Иван Иванович на удивление крепко спал последние две ночи, крепко, наверное, потому, что много гулял по больничному скверу, готовя себя к поездке; все у него шло хорошо, и он уже стал побаиваться этого «хорошо», потому что помнил за собою грех — если ему сильно везет, это обязательно не перед добром, но тут же уговорил себя: «А что может быть? Все пошло на поправку!» И растаяла в нем та мимолетная тревога.

В среду проснулся чуть раньше обычного, вышел в коридор, проследовал в холл-карман, где нянечка заканчивала уборку, поговорил с нею, а потом сделал здесь же свою обычную, но облегченную зарядку, какую он уже делал с тех пор, как его перевели в общую палату.

Уже начали выходить в коридор больные, озабоченно засновали из палаты в палату сестры с градусниками, шприцами, лекарствами. «Начался новый день в храме милосердия, — улыбнулся Иван Иванович, — но продолжаться он будет без меня». Потом вернулся к себе и, достав электробритву, начал бриться.

Палата к этому времени уже проснулась. В ней оставались только двое больных. Один стоял за легкой перегородкой около умывальника, другой убирал постель. Оба поприветствовали Ивана Ивановича и, не скрывая своей доброй зависти, стали говорить о том, что «вот везет же некоторым». И вдруг слова стали расслаиваться в сознании Ивана Ивановича, и они уже доходили до него не из-за перегородки, а из какого-то глухого подземелья. Его неожиданно повело в сторону, и табурет выскользнул из-под него. Умирая, он понял, что выстрелил в него Север — самая большая несправедливость его жизни. В следующее мгновение он уже лежал на полу, и в его правой руке продолжала жужжать крепко зажатая бритва. К Ивану Ивановичу бросились, подняли на койку.
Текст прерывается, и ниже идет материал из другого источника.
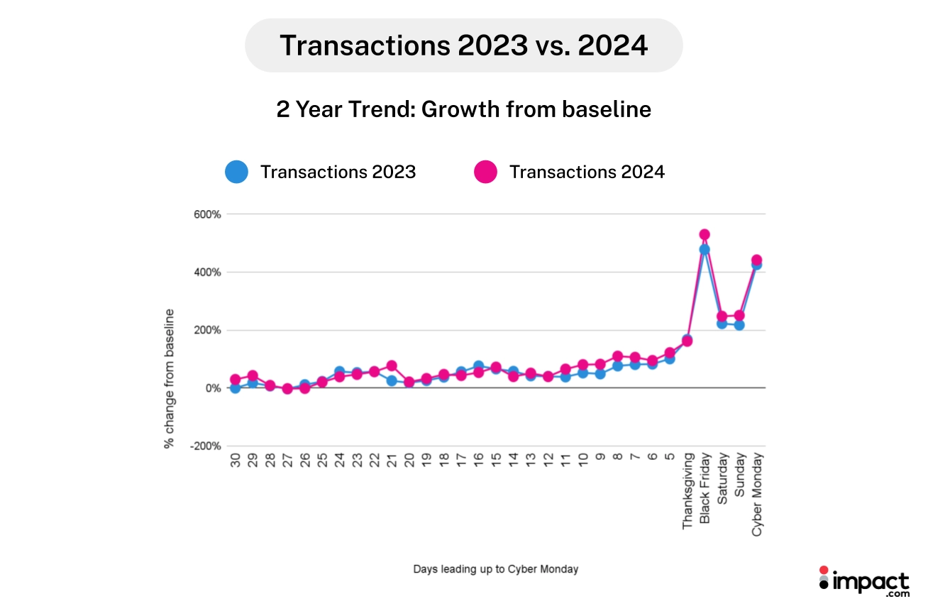 - Make the most of Black Friday momentum: Black Friday transactions exceeded Cyber Monday by 16% in 2024.
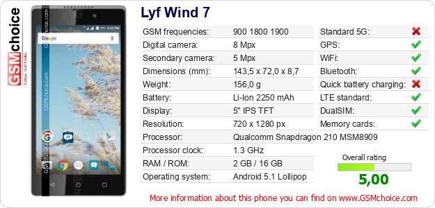 Do you have your website? Do you want to insert information about basic phone data of Lyf Wind 7 somewhere? It is very easy. You can download the picture, or copy and paste the code below on the page:Pasting this code will display the following image:
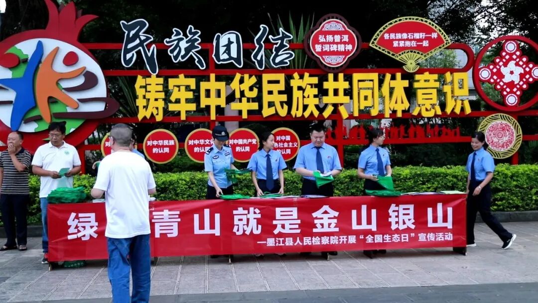 8月15日,墨江县人民检察院联合县发改局、县生态环境局等部门开展生态文明宣传活动,倡导人民群众积极参与到保护生态环境中来。
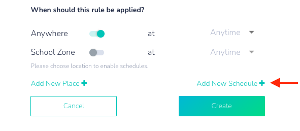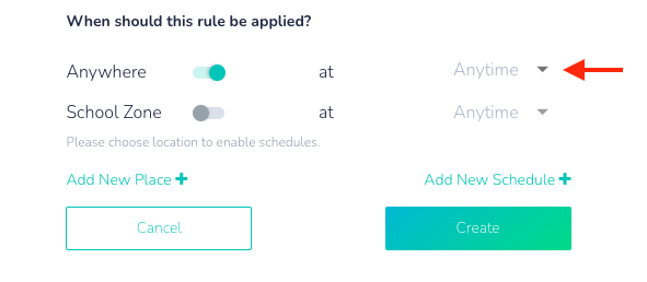 - In the drop-down menu next to "Anytime", select the schedule you have just created.
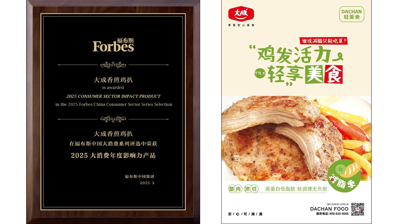 大成食品 <香煎鸡扒> 荣获2025 Forbes福布斯中国大消费年度影响力产品

Он был без сознания, тяжелый хрип рвался из горла, а потом и он стих, и только продолжала жужжать в зажатом кулаке бритва.

Через три часа срочно вызванный из дома Юрий Николаевич записал в истории болезни Ивана Ивановича Иванова: «Смерть наступила в результате инфаркта на шестьдесят первом году жизни».

В то время когда лечащий врач делал последние записи в бумагах Ивана Ивановича Иванова, без которых его не могли отправить в последнюю дорогу, в приемном покое сидел его сын Михаил и ждал отца, чтобы ехать с ним, как они договорились, домой.

Вошла сестра Таня, настороженная, притихшая, и, отводя глаза в сторону, сказала:

— Юрий Николаевич просит вас подняться в ординаторскую.

Михаил, поняв недоброе, не мог оторваться от стула. Таня тронула его за плечо.

— Пойдемте, Михаил Иванович, — тихо проговорила она, и это обращение по отчеству совсем перепугало Михаила. Сердце его оборвалось, он поднялся и молча побрел за сестрой.


Летнему дню, этому самому долгому в жизни Михаила Ивановича Иванова, суждено было закончиться еще одним несчастьем.

Когда после долгих хлопот в больнице, морге и в институте отца он вечером вернулся в квартиру матери, здесь его ждала вся семья. Мать, Наташа и Антон испуганно смотрели и ждали, что он скажет, а Михаил молчал. Он не знал, что надо говорить в его положении, и потерянно стоял посередине комнаты с большой дорожной сумкой в руке. По мрачным, осунувшимся лицам родных, их красным и воспаленным глазам он понимал, что в доме много и долго плакали, кричали и, может, только сейчас умолкли и ждут его слов. А он ничего не мог сказать, слова разбежались, исчезли, а на их месте в голове и груди были лишь тяжесть и удушье.

Мать молча подошла к нему и хотела высвободить из его руки сумку, и тут Михаил, словно очнувшись, начал выкладывать из нее вещи отца. На диван ложились его белье, рубашки, носовые платки, бритва, книги, и все с каким-то затаенным страхом смотрели на растущую гору знакомых каждому, но теперь уже чьих-то чужих вещей. Последней из сумки Михаил достал огромную тетрадь и замер с нею в руках, не решаясь приобщить ее к мертвым вещам отца.